Страница 8 из 10
– Живи, – сказала Марина, посторонившись, пропуская Татьяну.
…Ночью ей снился сон про Зойку – большой человек бил Зойку, та сначала кричала, потом затихла. Она, Татьяна, едва живая от ужаса, ломая пальцы, пыталась провернуть ключ и открыть дверь. Дверь распахнулась наконец, и она, слетев кубарем по лестнице, выбежала в холодную ночь босая, в одном платье…
Следующая картинка черно-белая: Рудик и клиент во дворе, Рудик показывает рукой на ее окно. Она ныряет за занавеску, подыхая со страху, тот смотрит, и его взгляд прожигает насквозь стену дома. Очень светлые глаза, жестокие, беспощадные. Они смотрят друг другу в глаза, и Татьяна понимает, что это приговор – она свидетель…
Она кричит и бьется, ночная рубашка влажна от пота; Марина прижимает ее к себе, уговаривает, шепчет…

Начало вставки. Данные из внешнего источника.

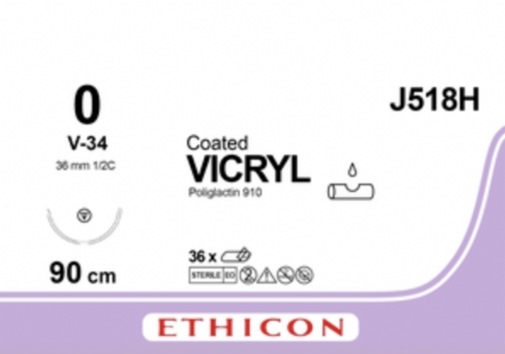 Ethicon COATED VICRYL Polyglactin 910 Braided Absorbable Surgical Suture – USP 0 – 90 cm – Violet – Single-Armed Taper Point V-34 Needle 36 mm, 1/2 Circle – J518H (Box of 36)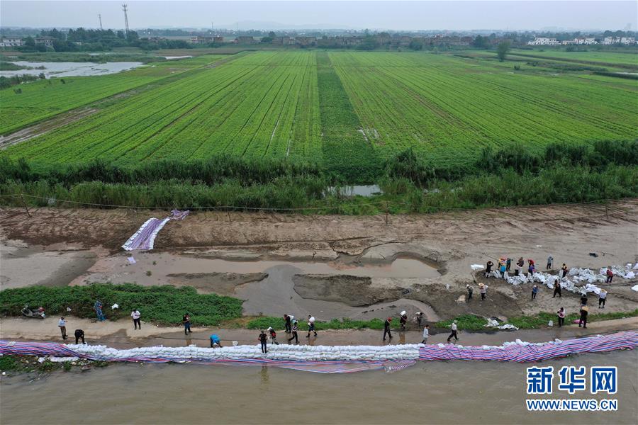 在江西省九江市柴桑区江新洲的防洪大堤上,防汛人员在搬运沙袋,加固堤坝,他们中大部分是主动返乡参与防汛人员(7月13日无人机照片)。新华社记者 彭昭之 摄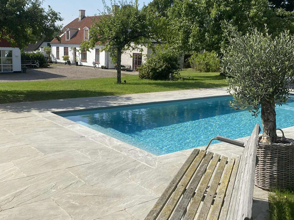 En Central-pool giver et minimalistisk og eksklusivt udtryk. Du har mulighed for at lægge belægningen omkring poolen helt op til kanten for at flot og stilrent udseende.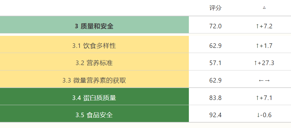 —— 其中,中国在蛋白质质量(得分83.8)和食品安全(得分92.4)这两项指标中获评“非常好”。
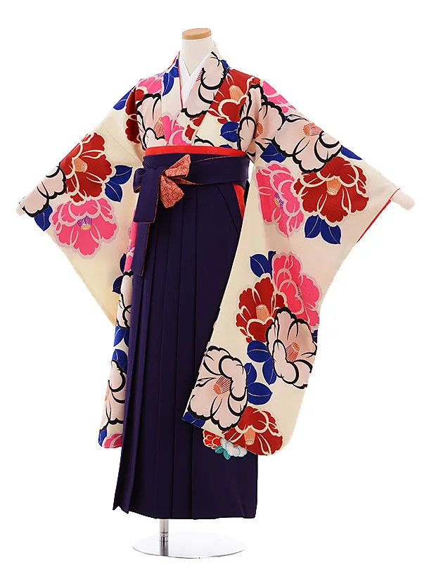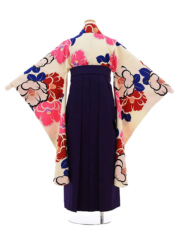 小学生卒業式袴レンタル9498九重クリーム地椿×パープル袴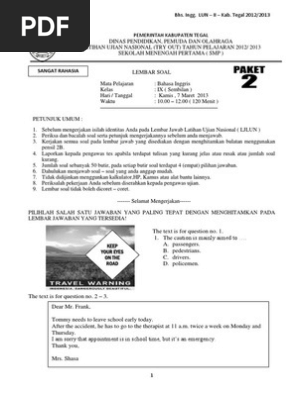 Soal Try Out Bahasa Inggris Paket 2 | Makanan | Alam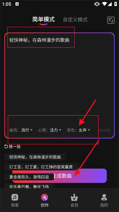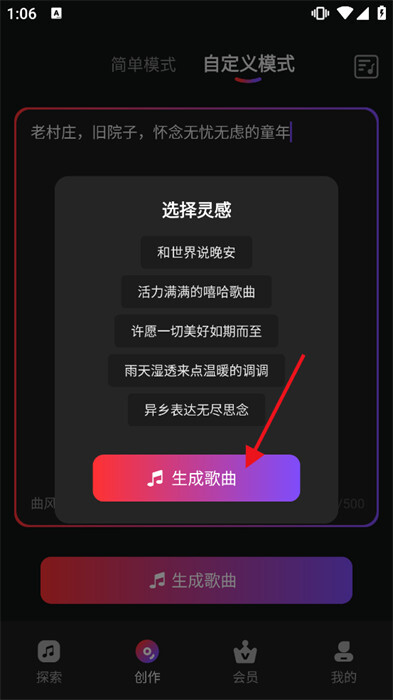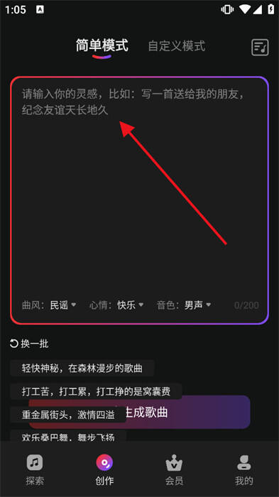 3、创作歌曲很简单,只需输入关键词和创作意向就行,并且还支持二次编辑。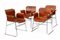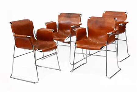 Lotto di quattro sedie con braccioli con struttura in tubolare metallico, seduta e schienale in cuoio color terra di Siena. Italia, anni '80. (cm 63x79x60) (difetti, rotture e mancanze)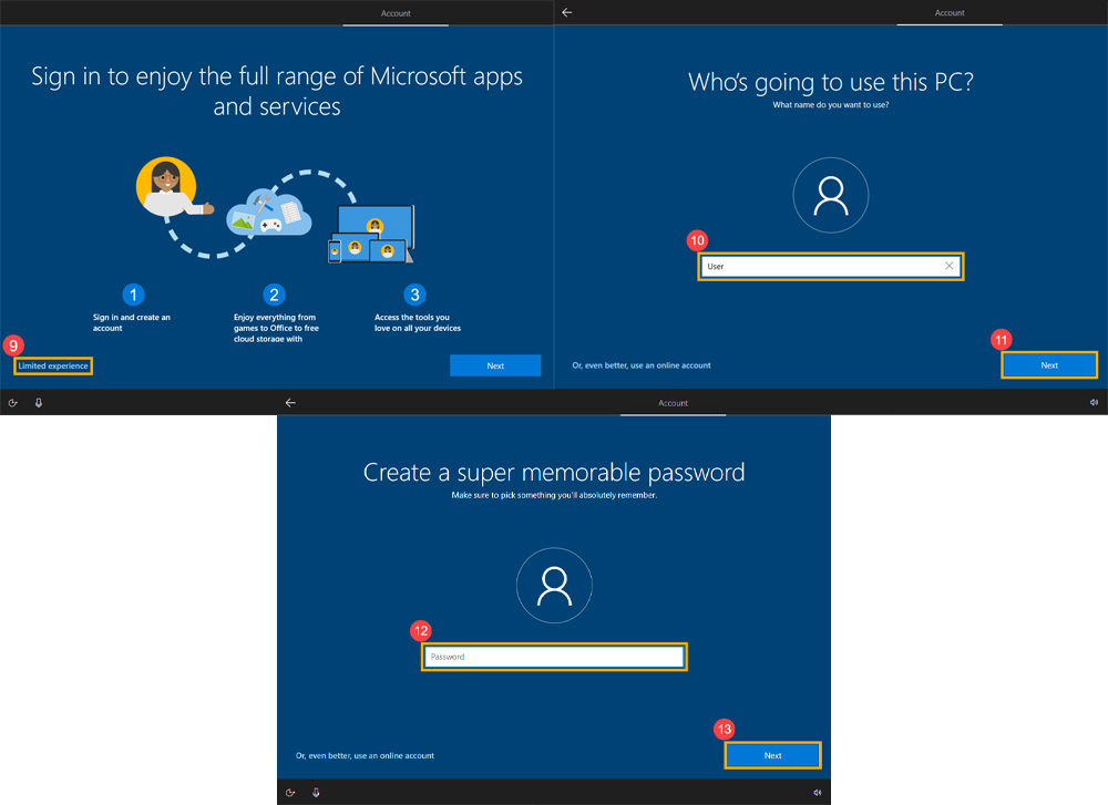 Chọn Limited experience và tiếp theo nhập tên người dùng & mật khẩu cho tài khoản offline

– Он убил Зойку, а я боялась сказать, – всхлипывает Татьяна. – Я думала, может, она живая. И Рудик пропал – говорили, попал под машину. И тогда я убежала…
Марина укачивает ее, как ребенка, крестит, напевает тихо.
Глава 6. Взрыв
Жанне снилось, что мама умывает ее, сильно проводя шершавой рукой по лицу. Разве у мамы шершавые руки? Потом она почувствовала холод и открыла глаза. Стоял вечер. Небо было дымчатым, с городской розоватой подсветкой, и уже посверкивали остро две-три звезды. Она лежала на холодном и нетвердом, кажется, влажном, а рядом кто-то был. Она скосила глаза и вскрикнула – затылок пронзила резкая боль. Рядом стоял щенок-подросток неопределенного цвета, грязный, со свалявшейся шерстью, и смотрел прямо ей в глаза. Долгую минуту она рассматривала щенка, думая, что сон продолжается. Но это был не сон. Песик неуверенно подошел ближе, ему было страшно. Она по-прежнему не шевелилась. Он придвинулся еще и лизнул ее в лицо. Она удивилась, подумав: какой, к черту, щенок? Откуда здесь собака? И вообще…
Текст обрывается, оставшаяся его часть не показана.